On the side note, using ensembler if I want to only model missing parts of the protein crystal structure I have, what are my options? ensembler quickmodel --target_uniprot_entry_name my_protein --uniprot_domain_regex '^my protein' --template_pdbids ./my_pdb.pdb --no-loopmodel

mihirdate commented 9 years ago

Thanks John. For some reason -I did not run. But submitting it non interactively worked. The job is now running and producing output.
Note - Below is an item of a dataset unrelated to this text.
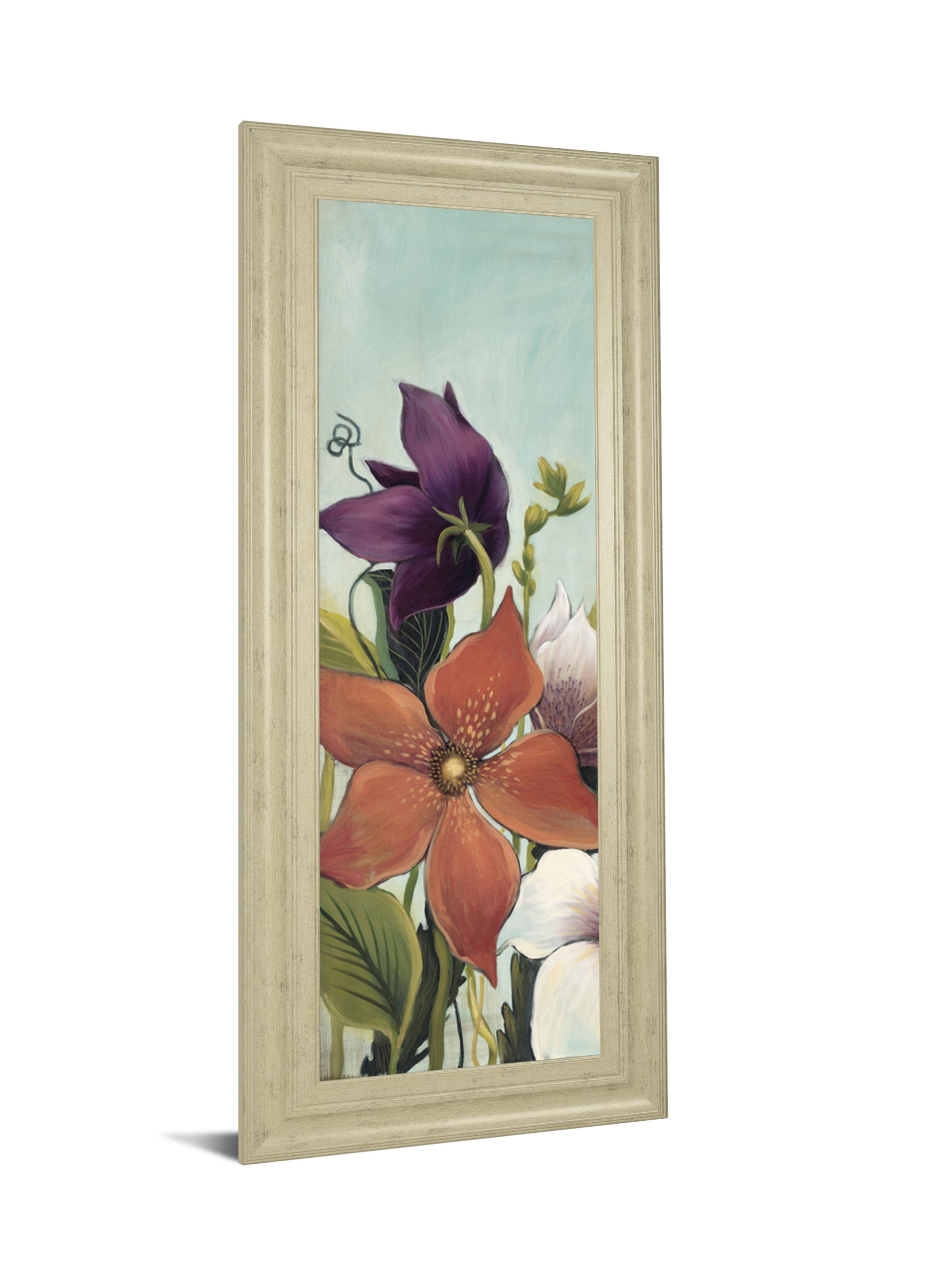 Immerse yourself in the gentle beauty of blooming flowers with this captivating piece that brings nature’s elegance indoors. The artwork features a stunning arrangement of vibrant purple, orange, and white blossoms set against a serene blue backdrop, creating a peaceful yet lively atmosphere. Encased in a sophisticated ivory bliss frame and protected by premium real glass, this 42 by 18-inch framed wall art is crafted with expert care, ready to add a timeless botanical charm to your living room or bedroom decor.

Looks like it will be completed successfully.

Here is my submit script.

#!/bin/tcsh
# Batch script for MPI GPU job on the cbio cluster
# utilizing 4 GPUs, with one thread/GPU
#walltime : maximum wall clock time (hh:mm:ss)
#PBS -l walltime=04:00:00
# join stdout and stderr
#PBS -j oe
# spool output immediately
#PBS -k oe
# specify GPU queue
#PBS -q gpu
# nodes: number of nodes
#ppn: number of processes per node
#gpus: number of gpus per node
#GPUs are in 'exclusive' mode by default, but 'shared' keyword sets them to shared mode.
#PBS -l nodes=1:ppn=1:gpus=1:shared
#PBS -l mem=4G
#PBS -q active
# export all my environment variables to the job
#PBS -V
# job name (default = name of script file)
#PBS -N myjob
# specify email for notifications
#PBS -M username@email.com
#mail settings (one or more characters)
#n: do not send mail
#a: send mail if job is aborted
#b: send mail when job begins execution
#e: send mail when job terminates
#PBS -m n
#filename for standard output (default = <job_name>.o<job_id>)
#at end of job, it is in directory from which qsub was executed
##PBS -o myoutput
# Change to working directory used for job submission
cd $PBS_O_WORKDIR

ensembler quickmodel --target_uniprot_entry_name EGFR_HUMAN --uniprot_domain_regex '^Protein kinase' --template_pdbids 1M14,4AF3 --no-loopmodel

@danielparton @jchodera : If you wish we can close this issue and I will reopen new one on usage of Ensembler. Let me know.

jchodera commented 9 years ago

@mihirdate, can you reformat the pasted code with "fenced code blocks"? The formatting is getting all screwed up.

See here: https://help.github.com/articles/github-flavored-markdown/#fenced-code-blocks

mihirdate commented 9 years ago

Oops. Sorry about that. Done!

jchodera commented 9 years ago

Much better, thanks!

jchodera commented 9 years ago

Glad it worked! Go ahead and close this issue and open new ones for other issues.

mihirdate commented 9 years ago

By the way, the script worked when I submitted it non interactively. Example of ensembler produced appropriate output.

mihirdate commented 9 years ago

Thanks John and Danny. Closing this now.